The theory of the Socialist Party is based on Marxism: Marxian economics, the theory of the class struggle and the materialist conception of history. Marx supported certain wars. The Socialist Party does not.? Is the Socialist Party not Marxist or was Marx wrong? One of the dangers of dogmatism, of going by quotations, is that the historical context is lost. Mid-nineteenth century Europe was a different place from the modern world. Marx’s support for wars and nationalist insurrections must be seen against the background of Europe a hundred years ago. Socialism grew out of the European revolutionary democratic movement which the French Revolution had triggered off. Marx and Engels, in Germany in 1848. had played an active part in this movement and they shared many of its assumptions. Socialism is only possible on the basis of large-scale industry as developed by capitalism. However, at this time. Europe was in danger of being dominated by powerful feudal forces — the Holy Alliance of Russia, Prussia and Austria. These powers had already been used to crush uprisings in Italy, Hungary, Poland and Germany. Marx felt that in these circumstances there was a very real danger that Europe might be overrun by these feudal powers, particularly Russia, thus putting off the social revolution for decades. This fear of Tsarist Russia explains Marx’s support of the Franco-British side in the Crimean War and also of Polish nationalism.  An independent Polish nation, was supposed to be a shield against Russia for a revolutionary Europe.
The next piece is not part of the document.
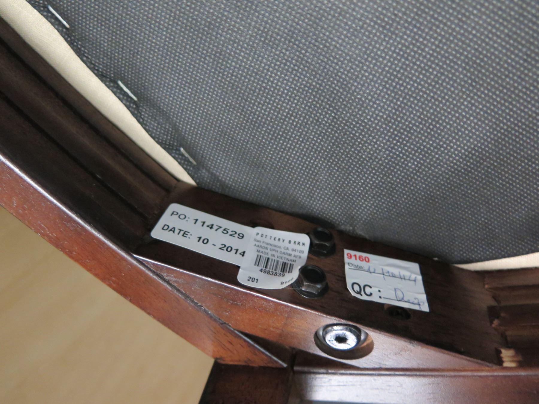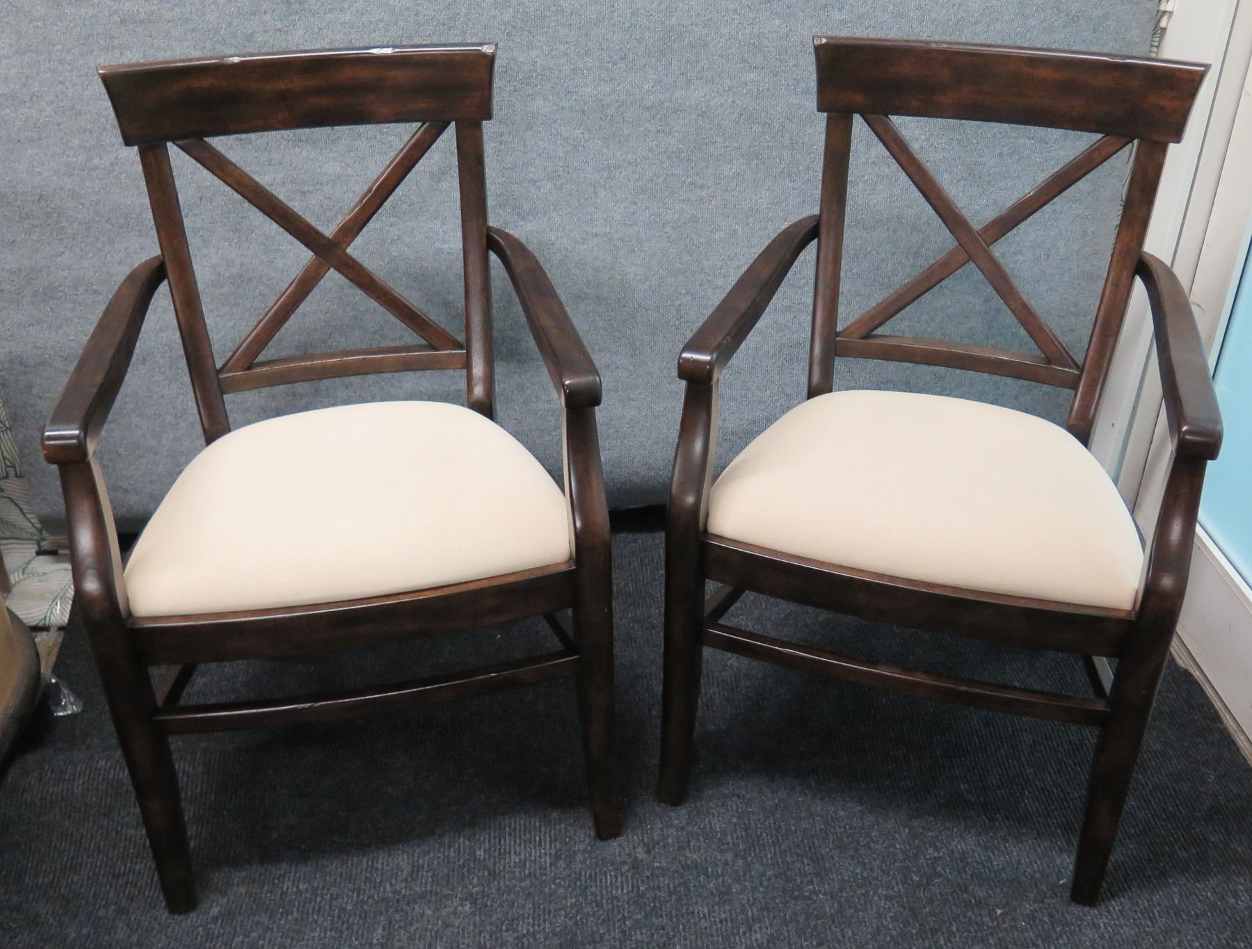 Qty 2 Pottery Barn Wooden Armchairs w/ Upholstered Seats 23"x16"x35"H
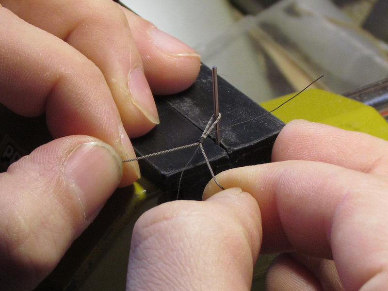 на строп накладываем нить из которой будем вязать бензель в виде такой же, как и у стропа петли

The task of the Socialist Party is to spread socialist understanding among the working class. This is not done by suggesting that “defensive” wars should be supported by workers, nor by confusing the interests of the working class and bourgeoisie. It was a mistake for the socialist pioneers to entangle themselves in the international power struggles between the capitalist class and feudal nobility. Apart from anything else, they provided an opportunity for the leaders of the social-democratic parties, when they supported the slaughter of the First World War, to claim that they were following a precedent set by Marx and Engels. This made the task of the Socialist Party all the more difficult when it sought to explain that there were no interests at stake which could justify the shedding of one drop of working-class blood. Marx’s position on war was thus mistaken. Looked at in the context of the historical conditions of the nineteenth century, it is understandable how he arrived at this point of view. But, although we can see the reasons for his error, this makes it no less an error. As it happened the feudal powers did not overrun Europe. They grew weaker and were destroyed completely as a result of the First World War. By the turn of the century capitalism had conquered the world and there was no danger of a feudal reaction. All wars were now purely capitalist, disputes between rival imperialist powers. The purpose of the Socialist Party is quite clear: to struggle uncompromisingly and consistently for the establishment of socialism throughout the world.